J A: ohh achcha. Kaunsi company hai?

(side note: Not that she did not hear it right. If you are to be working in any company other than their husband’s or Infosys, this was inevitable.)

Me: Jee aunty, MU SIGMA. Business analytics role hai.

J A: er.. mmm <blank blank> ye kya banati hai sonu?

Me: (Don’t. ask. ever): ye kuch BANATI nahi hai aunty. We analyse the data.. mm err.. provide soluntions <blank blank>

J A: <blank blank>

J A: Tum IIT walon ko to achcha kaam milna chahiye naa waise.

Me: Give me that dagger. now.

* Jain was obviously a fictional prefix unless I was ready to be lynched next time. But her son did get a job in some regular IT firm. I hope it was Satyam.

And this post-job sem is pretty chilled out. People are so inactive and lazy that they could also be giving cold complexes to the refrigerator salesman at Iceland. I mean, the last industrious thing I did was filling the ‘about me’ entry for the batch yearbook. That too, I went numb at my 15 years hence plan.

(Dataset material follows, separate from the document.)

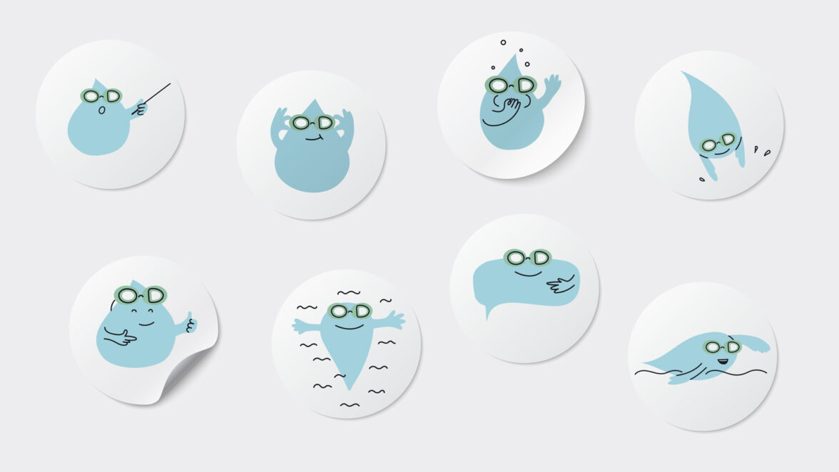 Помимо логотипа, мы разработали целый комплекс атрибутики, включая мешочки для принадлежностей, дипломы, переводные тату и стикеры. Каждая деталь была тщательно продумана, чтобы поддерживать общий стиль и настроение бренда. Главный герой — голубая капля, которая как будто за ручку ведет ребенка в этот новый, удивительный водный мир. Этот образ стал символом заботы и помощи, что особенно важно для первых шагов детишек к воде.

To be honest, my only responsibilities back home have been studying, washing the car at weekends and getting mother dairy poly packs every morning. With me in hostel, the last two had gone. And now the very idea of a company trusting (and paying) me with its internet resources for some useful number analytics sends me to jitters. Leave alone managing a life in a distant city. And killing the “what in 15 year question”.

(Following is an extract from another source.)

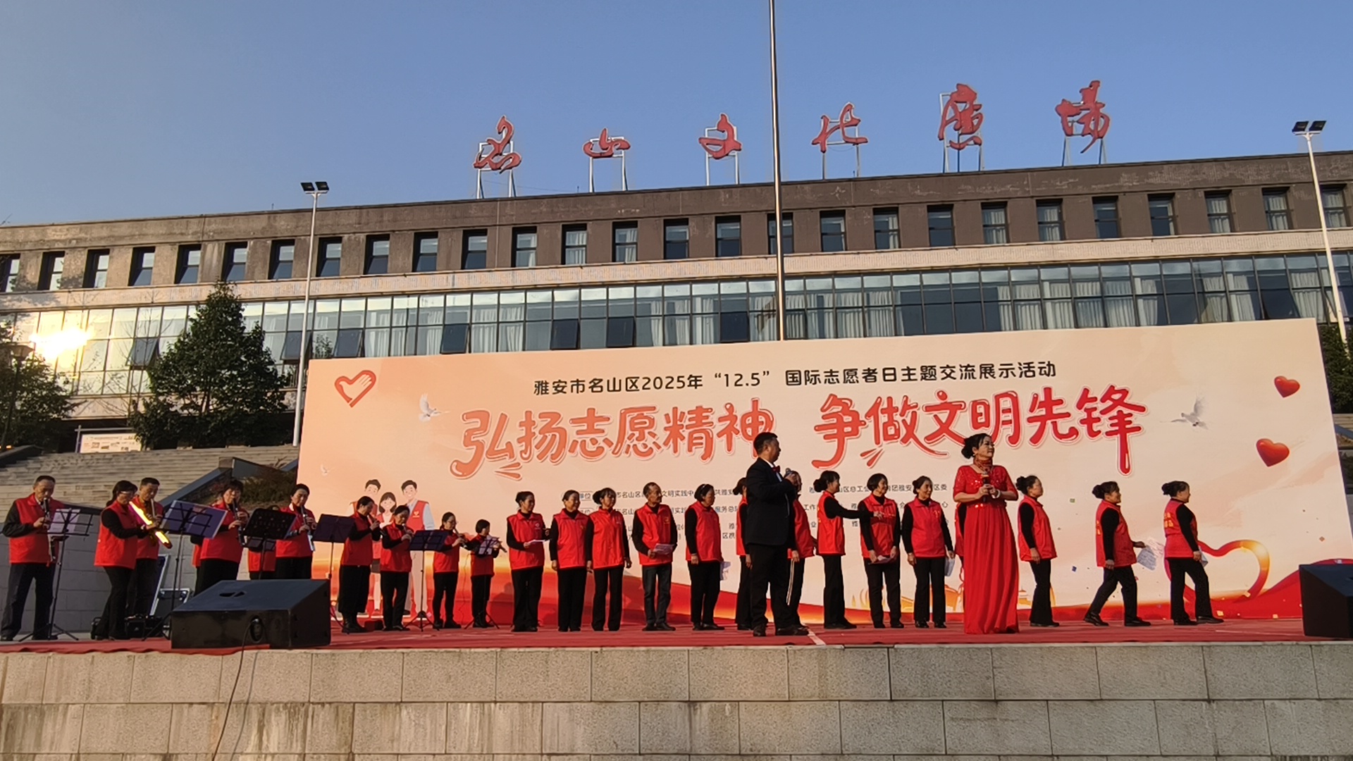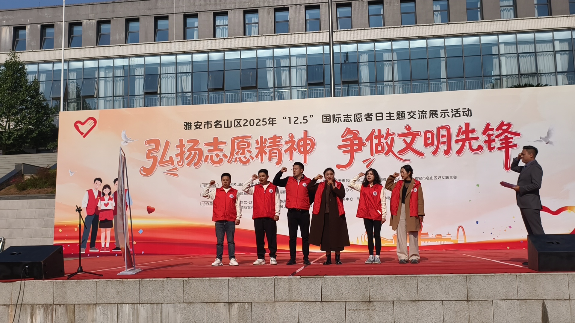 为深入学习贯彻落实党的二十届三中全会精神和习近平总书记关于志愿服务的重要论述,大力弘扬“奉献、友爱、互助、进步”的志愿精神,推动新时代文明实践志愿服务工作走深走实,12月5日,在第40个国际志愿者日到来之际,“弘扬志愿精神 争做文明先锋”主题交流展示活动在雅安市名山区文化广场隆重举行。

If stupidity were a sport, I would be on the cover page of every magazine. Front page. Full color. Some time back this was the e-mail I received from the academic section.

Dear Rohit,

You have applied for change of course from EC
662  to EC 654. But according to our record you were never
registered for EC 662. So, your request for course adjustment
could not be processed.

Anyways, all that is history now. I have successfully changed courses, assured mom that I won’t be surviving on maggies and mailed my confirmation to the company I would be crunching numbers for. Yes this is what the analytics lingo is. And now I would retire to sleep with my over exploited Winamp playing the Billu Barber’s Khudaya Khair ;)


er…

;)

Quirky Tag

Jassi bhaiya tagged me to blog on my six unspectacular quirks. And as it goes in the ‘unwritten law of blog-o-sphere’, when the big timers order, little ones  must oblige.

The Rules:

1. Link the person who tagged you.
2. Mention the rules on your blog.
3. Tell about 6 unspectacular quirks of yours.
4. Tag 6 following bloggers by linking them. (tagged all)
5. Leave a comment on each of the tagged blogger’s blogs letting them know they’ve been tagged.

6 random quirks about me.

1. When I was 2, I was nearly eaten up by the doberman at my grandmother’s place. He growled when I cried and charged when I took his biscuit. The world would have deprived of so much of wisdom!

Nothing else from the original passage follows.